▶ Exercise
When you transcribe the data below, reproduce every line exactly and leave each picture out.

▶ Dataset content
----

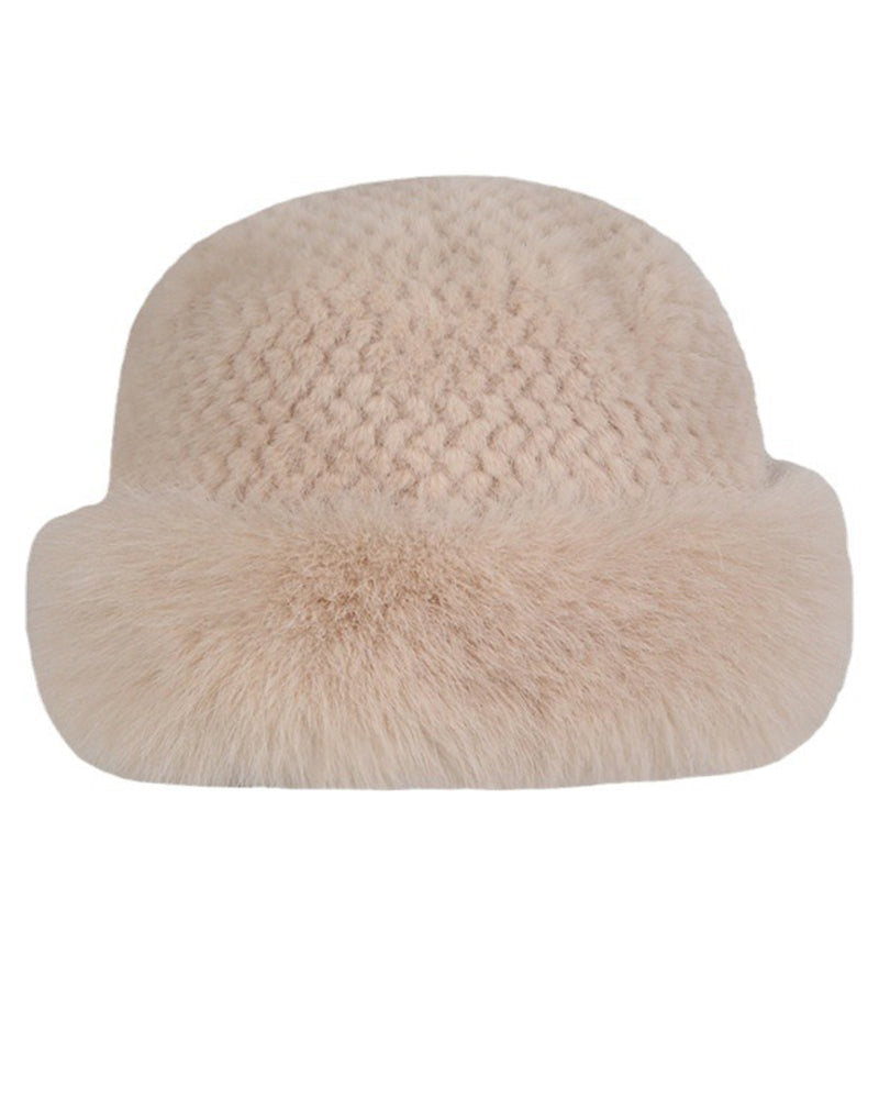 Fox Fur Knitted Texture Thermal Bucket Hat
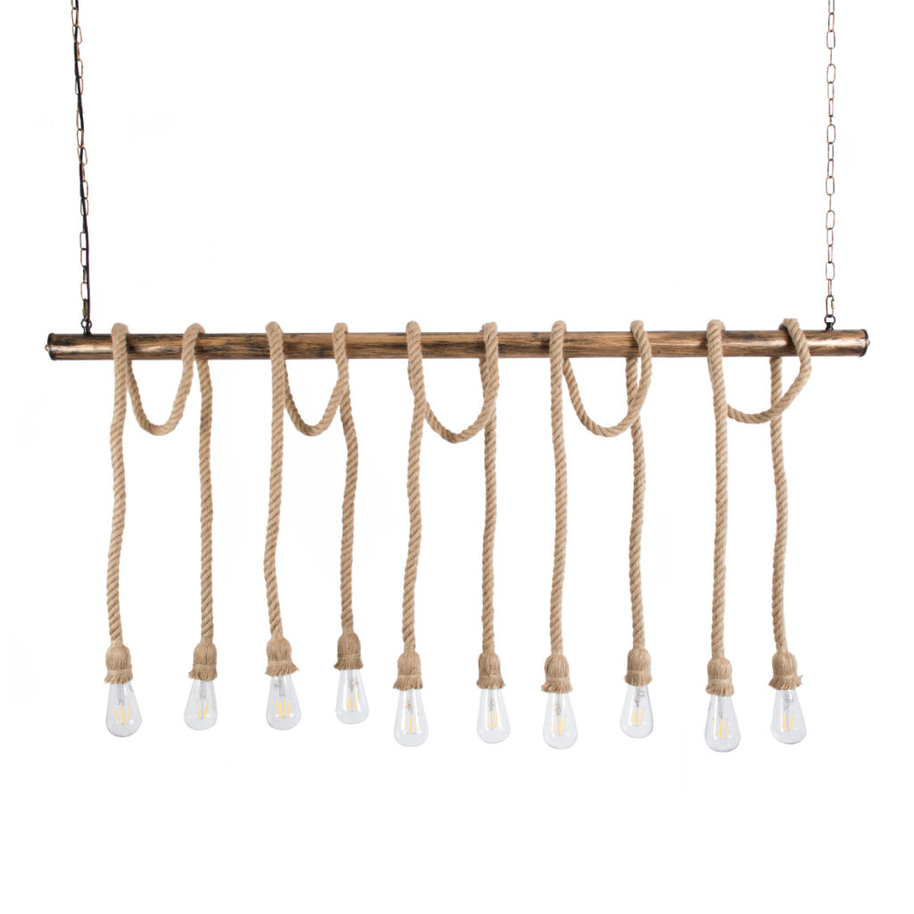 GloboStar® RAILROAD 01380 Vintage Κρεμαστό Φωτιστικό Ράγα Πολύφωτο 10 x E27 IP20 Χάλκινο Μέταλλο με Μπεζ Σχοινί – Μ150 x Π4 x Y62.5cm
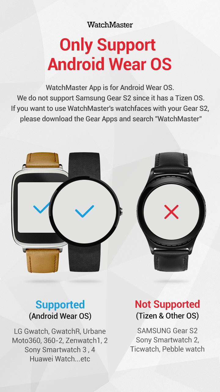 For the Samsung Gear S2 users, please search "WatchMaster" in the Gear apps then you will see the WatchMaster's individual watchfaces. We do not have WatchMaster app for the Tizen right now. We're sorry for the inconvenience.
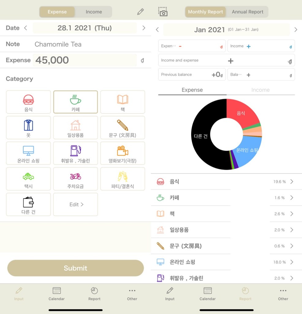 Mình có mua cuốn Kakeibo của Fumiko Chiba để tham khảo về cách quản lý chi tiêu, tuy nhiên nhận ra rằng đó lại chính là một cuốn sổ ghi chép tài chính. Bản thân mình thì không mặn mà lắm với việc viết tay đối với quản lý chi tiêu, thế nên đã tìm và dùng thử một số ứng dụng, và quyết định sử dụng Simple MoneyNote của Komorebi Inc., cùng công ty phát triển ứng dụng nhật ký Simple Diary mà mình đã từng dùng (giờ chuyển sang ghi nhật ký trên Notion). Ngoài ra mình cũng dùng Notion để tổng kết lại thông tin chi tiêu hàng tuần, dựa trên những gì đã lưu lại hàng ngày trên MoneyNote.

----

▶ Written response
 Fox Fur Knitted Texture Thermal Bucket Hat
 GloboStar® RAILROAD 01380 Vintage Κρεμαστό Φωτιστικό Ράγα Πολύφωτο 10 x E27 IP20 Χάλκινο Μέταλλο με Μπεζ Σχοινί – Μ150 x Π4 x Y62.5cm
 For the Samsung Gear S2 users, please search "WatchMaster" in the Gear apps then you will see the WatchMaster's individual watchfaces. We do not have WatchMaster app for the Tizen right now. We're sorry for the inconvenience.
 Mình có mua cuốn Kakeibo của Fumiko Chiba để tham khảo về cách quản lý chi tiêu, tuy nhiên nhận ra rằng đó lại chính là một cuốn sổ ghi chép tài chính. Bản thân mình thì không mặn mà lắm với việc viết tay đối với quản lý chi tiêu, thế nên đã tìm và dùng thử một số ứng dụng, và quyết định sử dụng Simple MoneyNote của Komorebi Inc., cùng công ty phát triển ứng dụng nhật ký Simple Diary mà mình đã từng dùng (giờ chuyển sang ghi nhật ký trên Notion). Ngoài ra mình cũng dùng Notion để tổng kết lại thông tin chi tiêu hàng tuần, dựa trên những gì đã lưu lại hàng ngày trên MoneyNote.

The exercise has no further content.